| PROBLEM DETAILS |
Your answer should be the lines below from the one holding "Reun’90s: Decho –" through the one holding "À travers le", copied exactly and with nothing else.

| MATERIAL SUPPLIED |

+ + +

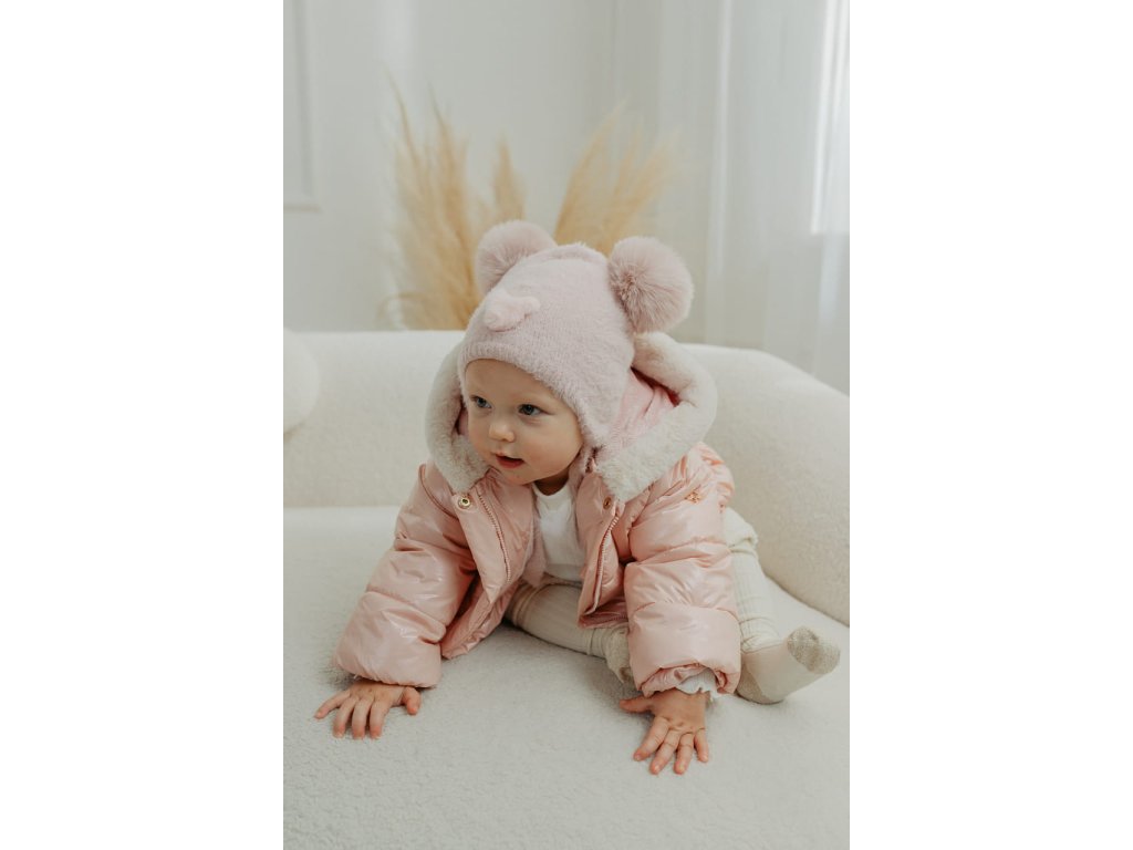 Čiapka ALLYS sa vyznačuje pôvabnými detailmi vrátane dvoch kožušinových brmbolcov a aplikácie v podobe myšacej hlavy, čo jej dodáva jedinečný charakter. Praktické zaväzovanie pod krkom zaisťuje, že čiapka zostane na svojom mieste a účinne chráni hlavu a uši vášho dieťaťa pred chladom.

+ + +

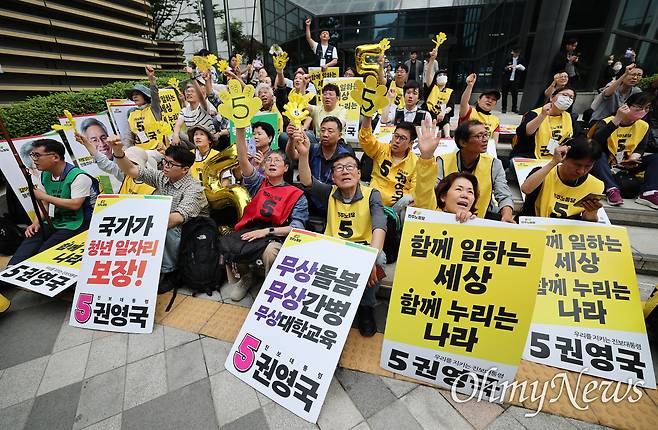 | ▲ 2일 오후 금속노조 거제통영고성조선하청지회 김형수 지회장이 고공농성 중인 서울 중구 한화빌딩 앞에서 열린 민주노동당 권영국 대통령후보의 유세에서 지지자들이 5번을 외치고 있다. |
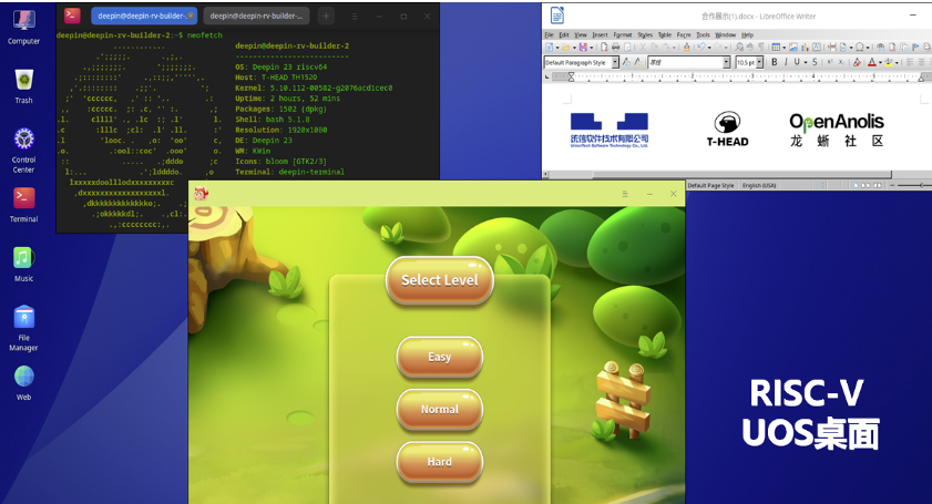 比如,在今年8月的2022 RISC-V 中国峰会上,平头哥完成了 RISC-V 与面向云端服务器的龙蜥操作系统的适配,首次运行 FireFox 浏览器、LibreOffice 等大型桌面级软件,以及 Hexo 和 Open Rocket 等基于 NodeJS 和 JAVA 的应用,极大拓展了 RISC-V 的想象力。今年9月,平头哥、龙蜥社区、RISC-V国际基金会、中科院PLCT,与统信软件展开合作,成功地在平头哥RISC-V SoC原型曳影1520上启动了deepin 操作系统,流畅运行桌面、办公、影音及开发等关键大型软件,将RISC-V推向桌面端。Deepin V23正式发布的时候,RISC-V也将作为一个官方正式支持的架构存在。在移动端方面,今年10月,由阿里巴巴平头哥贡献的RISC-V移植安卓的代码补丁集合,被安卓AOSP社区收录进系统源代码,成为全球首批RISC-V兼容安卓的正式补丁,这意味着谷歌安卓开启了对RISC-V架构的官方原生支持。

+ + +

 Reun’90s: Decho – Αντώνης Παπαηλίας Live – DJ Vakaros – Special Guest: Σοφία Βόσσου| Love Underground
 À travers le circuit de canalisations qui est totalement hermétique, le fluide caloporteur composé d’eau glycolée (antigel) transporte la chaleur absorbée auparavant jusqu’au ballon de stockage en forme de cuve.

+ + +

| RESULT FOR THIS TASK |
 Reun’90s: Decho – Αντώνης Παπαηλίας Live – DJ Vakaros – Special Guest: Σοφία Βόσσου| Love Underground
 À travers le circuit de canalisations qui est totalement hermétique, le fluide caloporteur composé d’eau glycolée (antigel) transporte la chaleur absorbée auparavant jusqu’au ballon de stockage en forme de cuve.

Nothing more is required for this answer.